Nimantran () is a 1971 Bengali film directed by Tarun Majumdar, based on a story by Bibhutibhushan Bandyopadhyay, and starring Sandhya Roy and Anup Kumar in the lead roles. At the 19th National Film Awards, it won the National Film Award for Best Feature Film in Bengali.

Synopsis 
The film tells the story of two people who fall in love with each other, are separated, and meet again many years later. Hirendranath or Hiru (Anup Kumar), a young man from Calcutta, goes to visit his aunt in her village. There he meets Kumudini or Kumu (Sandhya Roy), a simple girl who has lost her father and lives with her uncle. Gradually, Hiru and Kumu get close, but marriage is denied by Kumu's uncle. Hiru returns to the city with a heavy heart, and gets a job in the railways in Jamalpur. There the boiler inspector becomes very fond of him. After an accident, the boiler inspector, on his deathbed, requests Hiru to marry his daughter Surama. They get married. However, Surama is ambitious and not satisfied with their financial and social status. Subsequently, Hiru quits his job, starts a business and becomes a successful man. However, he cannot give time and attention to his wife. Despite of being a financially rich couple, both Hiru and Surama feels alone. 

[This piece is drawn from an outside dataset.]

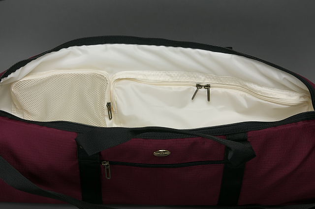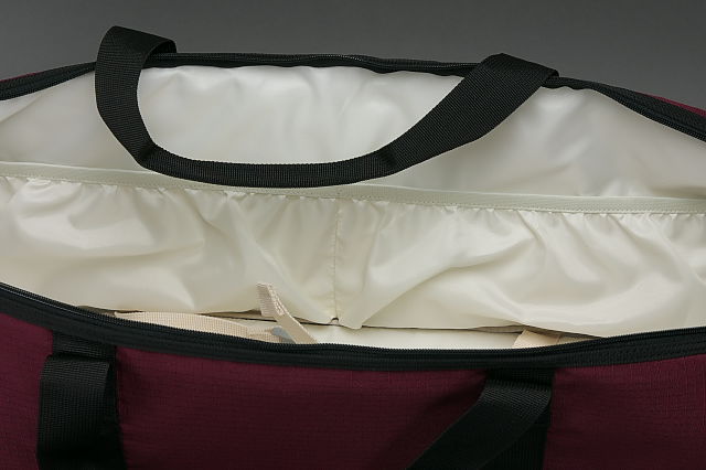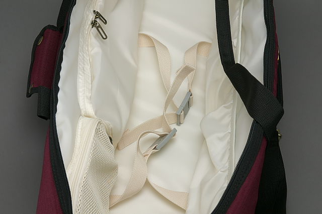 開口部がかなり大きく開きますし,内部のポケットも便利そう。固定用のストラップも中にあります。

One day, Hiru's aunt writes to him many years after his first visit. He goes to the village and discovers that Kumu is now married, but that her husband does not care for her. Old feelings are rekindled in both of them. However, they cannot go against social customs.

Cast 
 Sandhya Roy as Kumi/Kumudini
 Anup Kumar as Hiru/Hirendranath Ganguly
 Nandini Maliya as Suro
 Kali Bannerjee as Dayal Dutta/village postmaster
 Pahari Sanyal as Suro's father
 Jahar Roy as village doctor
 Sandhya Rani as Kumudini's mother
 Ajit Banerjee as Hiru's uncle
  Aparna Debi as Hiru's mother
 Gyanesh Mukherjee as the boatman
 Arun Mukherjee as the doctor(Hiru's friend)
 Haridhan Mukherjee as ghatak

Crew 
 Direction -- Tarun Majumdar
 Music-- Hemanta Mukherjee
 Cinematography -- Shakti Banerjee 
 Editing -- Dulal Dutta

Music 
All songs composed by Hemanta Mukherjee (except Dure Kothay, a Rabindra Sangeet). The songs are:

1. Amar Dukhe Dukhe (sung by Nirmalendu Chowdhury, Banashree Sengupta) 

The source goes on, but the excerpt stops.